Five Minute October: Write

Write.

I'm going to admit I've written this in advance.  I've taken this week off from blogging to celebrate my anniversary, but I wanted to participate, so I'm writing ahead a little.

Writing is something I've always loved. I may have hated the research part of a paper, but writing it was something that I never really minded.  Writing a blog seemed like a good outlet for me.  Sometimes, I find it as hard as those research papers. Do I have a topic to focus on? Do I have something to say? I sometimes feel like I'm just writing for the sake of writing, without a purpose.

I want to make writing a focus again.  Something I'm learning is that I don't have to work "in real time."  I'm hoping to clear out a backlog of stories that need writing down.  I have photos and stories I want to share, but just haven't gotten that far, or figured "They were so long ago, why bother?"
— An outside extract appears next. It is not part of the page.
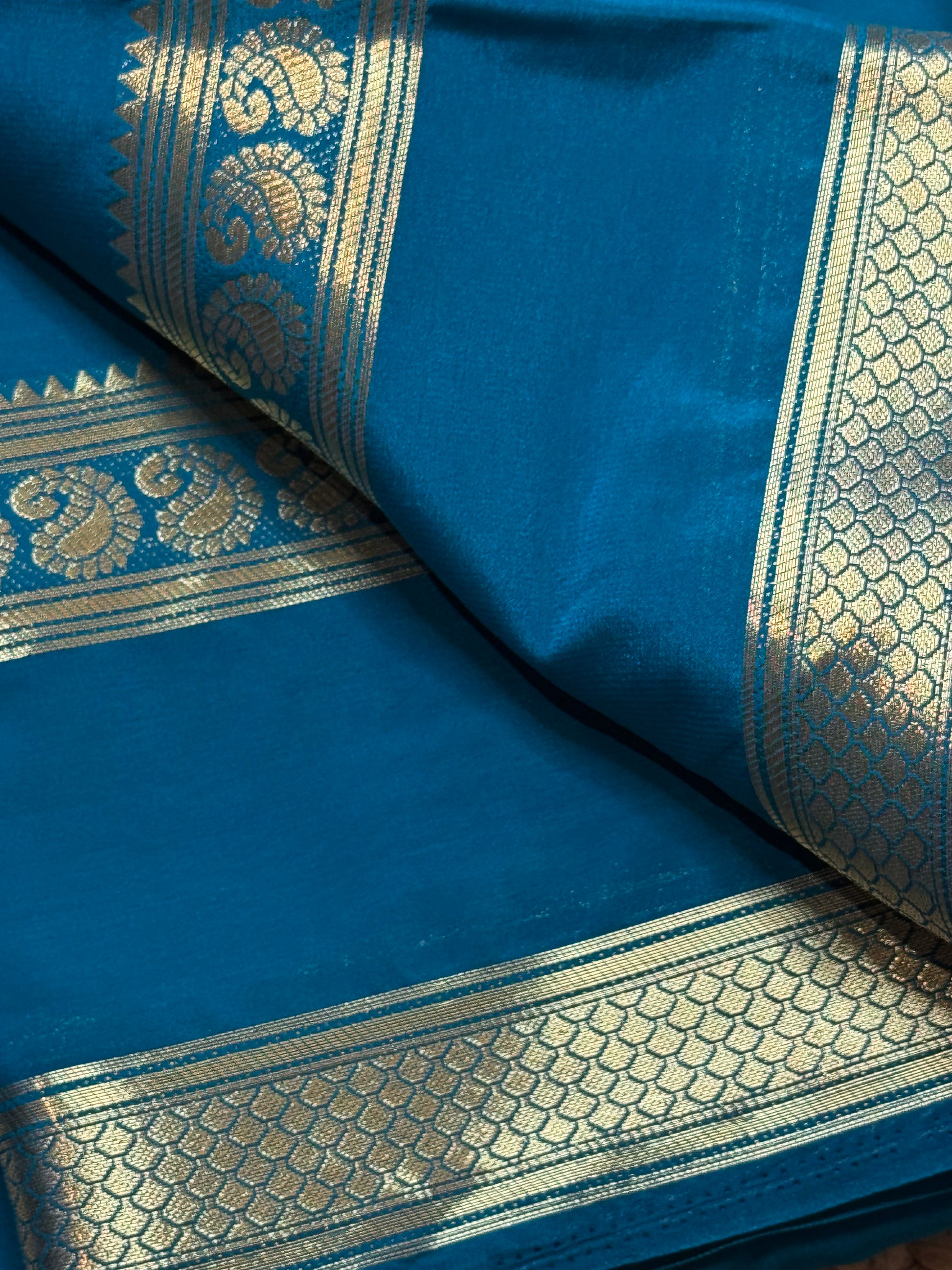 Semi Mysore Crepe Silk (Sea Green Self colour - Bentex Border)

Celia's violin teacher holds a contest each spring - who can practice the most days in a row.  To count as an "official" practice, it needs to be only five minutes, because the hardest part usually is just getting started.  Five minutes a day hasn't seemed so hard - often I find myself writing for fifteen or twenty once I get started.  I know that five minutes that turns into an hour isn't going to happen every day, but I think once this month is over, I'm going to set up a "just five minutes" for every other day and see what happens. Maybe I can clear out some of the backlog that's in my head!